START Exercise materials

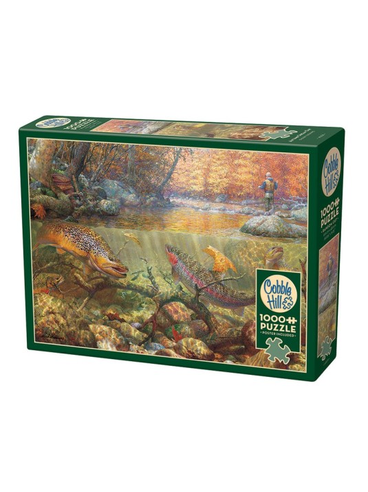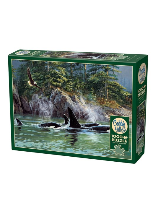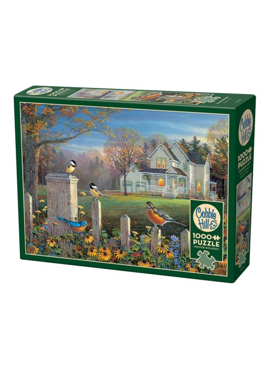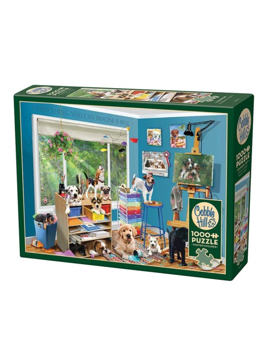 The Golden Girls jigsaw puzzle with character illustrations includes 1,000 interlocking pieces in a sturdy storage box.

END Exercise materials
START Exercise materials

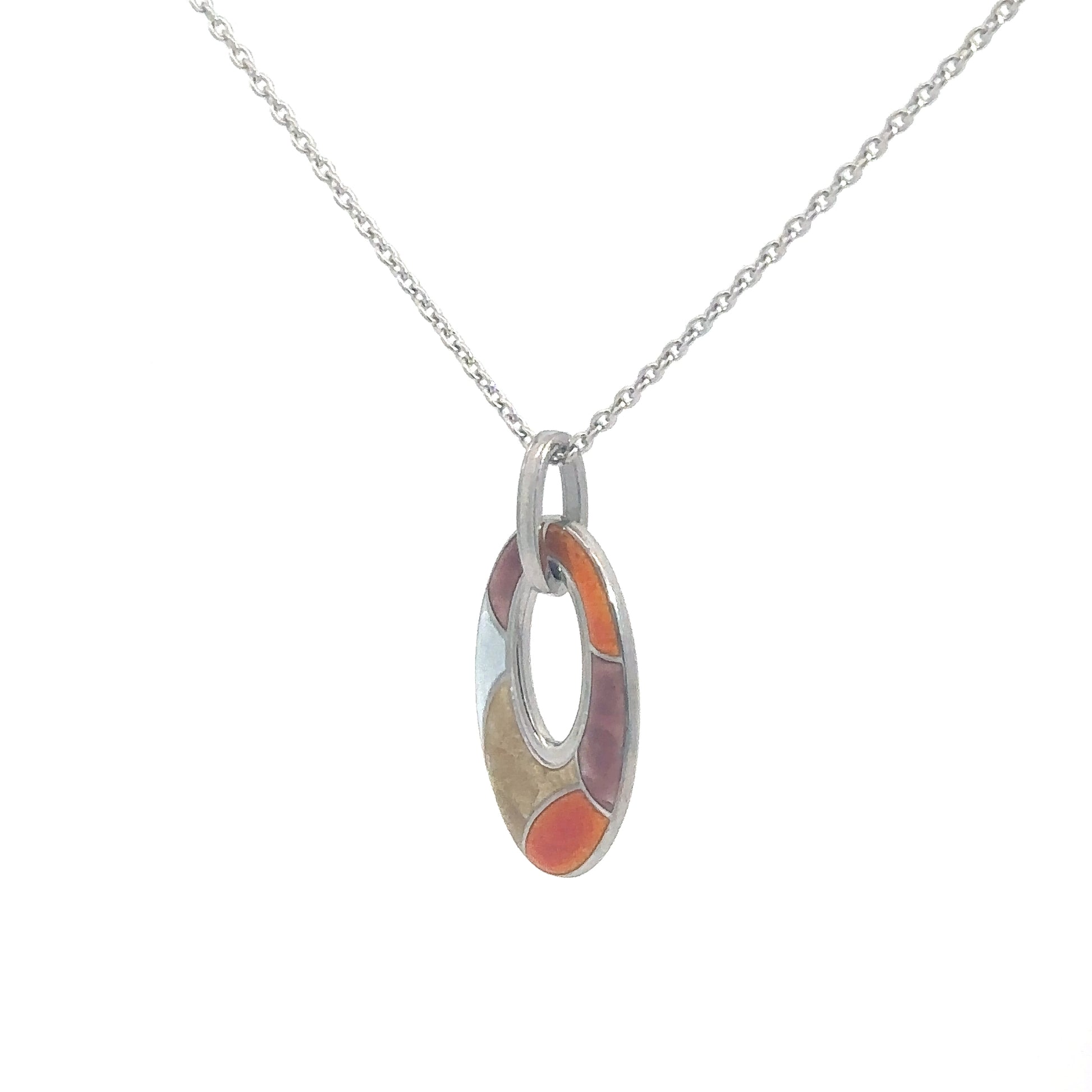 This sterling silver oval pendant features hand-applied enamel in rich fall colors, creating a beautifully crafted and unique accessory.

END Exercise materials
START Exercise materials

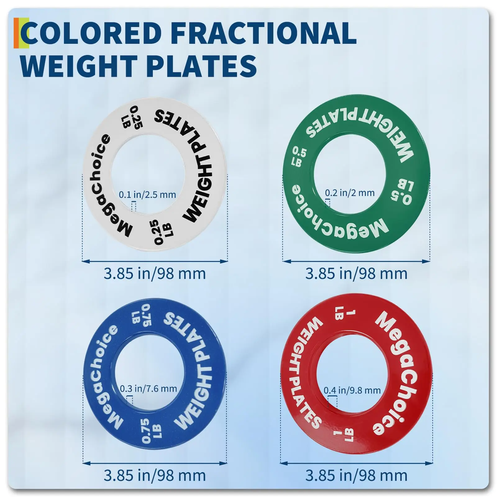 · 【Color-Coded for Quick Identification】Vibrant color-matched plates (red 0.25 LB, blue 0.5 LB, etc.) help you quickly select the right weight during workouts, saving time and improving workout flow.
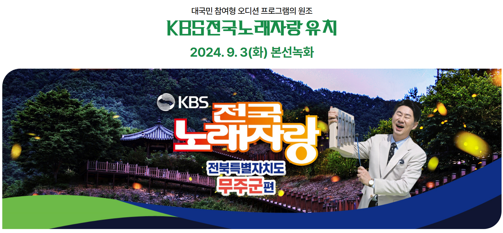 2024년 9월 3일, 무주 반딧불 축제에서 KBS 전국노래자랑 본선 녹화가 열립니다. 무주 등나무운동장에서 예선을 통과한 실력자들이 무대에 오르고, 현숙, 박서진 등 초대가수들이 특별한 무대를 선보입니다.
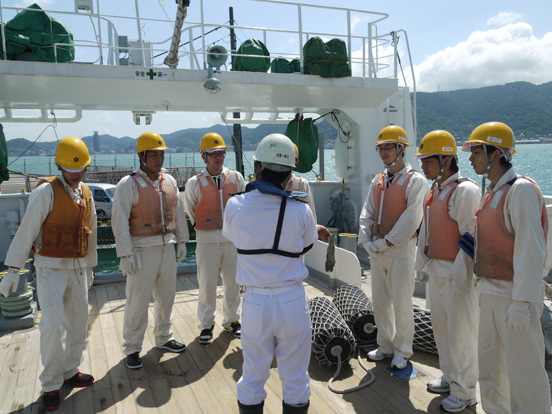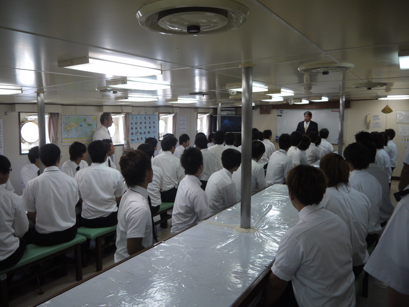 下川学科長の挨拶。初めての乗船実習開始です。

END Exercise materials

Please print the lines above word for word, starting at the one with "2024년 9월 3일, 무주" and ending at the one with "下川学科長の挨拶。初めての乗船実習開始です。", both included, and without any picture.

 2024년 9월 3일, 무주 반딧불 축제에서 KBS 전국노래자랑 본선 녹화가 열립니다. 무주 등나무운동장에서 예선을 통과한 실력자들이 무대에 오르고, 현숙, 박서진 등 초대가수들이 특별한 무대를 선보입니다.
 下川学科長の挨拶。初めての乗船実習開始です。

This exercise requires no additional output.